Use the Pythagorean theorem, a^2 + b^2 = c^2.

It is easy to calculate linear distance along the lines of latitude and
longitude.  1degree = so many feet, I don't know the specific numbers.

So imagine the distance you want to find, the direct line between two
zip-code centers, as the hypotenuse of a right triangle, "c".  now imagine
the other lines of the triangle, squaring off at a right angle.

point A is at (G1,T1)
point B is at (G2,T2)
point C (the right angle) is at (G1,T2)  (or at G2,T1 it doesn't matter)

So the length of side a (point A to point C) is the linear latitude distance
of (T2-T1).  No trig involved just straight conversion degrees to feet or
meters or whatever.

The length of side b (point B to point C)  is the linear longitude distance
of (G2-G1).  No trig involved just straight conversion degrees to feet or
meters or whatever.

So then the length of side c, (point A to point B, our ultimate goal!) is
the square root of (a^2 + b^2).

now this is just an estimate since :  (1) this is Euclidian geometry but the
geometry on a spherical surface is not Euclidian, and (2) the length of a
degree of longitude is different depending on your latitude.  (1) can be
ignored for distances as small as it appears you are using.  (2) can be
mitigated by looking up the correct value for your latitude and using that
in your calculations.  Again at intra-state scales a single average value
will be close enough.  You will have much larger error from the distance
between customers' real lat & long at their address and the zip-code center
lat & long you are using.  In geographically big zip codes as you get in
rural areas addresses near the edges of a zip code might actually be closer
to the center of a neighboring zip-code.  We went to zip+4 center points for
this reason... and whenever a service rep made a call he took a GPS reading
at the receiver and if that was present it was used.

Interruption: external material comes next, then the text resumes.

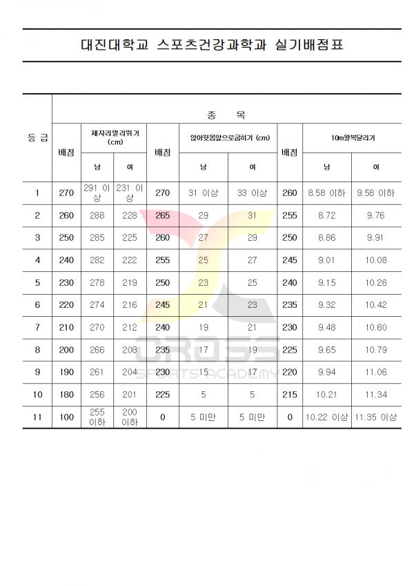 대한민국 체대입시의 표준

-----Original Message-----
From: Leo Scott [mailto:leoscott@c...]
Sent: Friday, July 19, 2002 12:36 PM
To: Access
Subject: [access] RE: Distance Algorithm


Thanks, but I needed the algorithm.  I have 80 points of service based on 5
digit zip codes and 40,000 customers, with zip codes.  I have zip codes with
Lat & Long in a table.  I have to calculate the crow flies shortest distance
to each point of service for each customer.  I'm just going to turn a
machine loose on it and let it build a table.

|-----Original Message-----
|From: PStreeter@C...
|[mailto:PStreeter@C...]
|Sent: Friday, July 19, 2002 8:09 AM
|To: Access
|Subject: [access] RE: Distance Algorithm
|
|
|I didn't thinl of this when I read Leo's original message, but there
|are map packages available. Some are expensive and elaborate.
|I suspect there are some in the right range of prowess and price
|for you, Leo.
|
|Paul
|
|On Fri, 19 Jul 2002 10:34:05 +0100 "Foote, Chris" wrote:
|
|> cos D = sin A sin B + cos A cos B cos L
|>
|> Where A = latitude of location 1 in degrees
|>       B = latitude of location 2 in degrees
|>       L = long of location 1 _minus_ long of location 2. (If result is
|> greater than +180 deg or less than -180 deg, add or subtract 360 deg
|> to give
|> a result between -180 & +180 deg)
|>       D = distance between location 1 and location 2 in degrees of
|> arc (each degree of arc equals 60 nautical miles)
|
|>
|> -----Original Message-----
|> From: Leo Scott [mailto:leoscott@c...]
|
|> I am looking for a formula or algorithm to calculate the distance between
|> two points given their lattitude and longitude.  Since the points will be
|> fairly close curvature of the earth is not significant.  Can anyone
|> point me in the right direction to find this?
|
|
|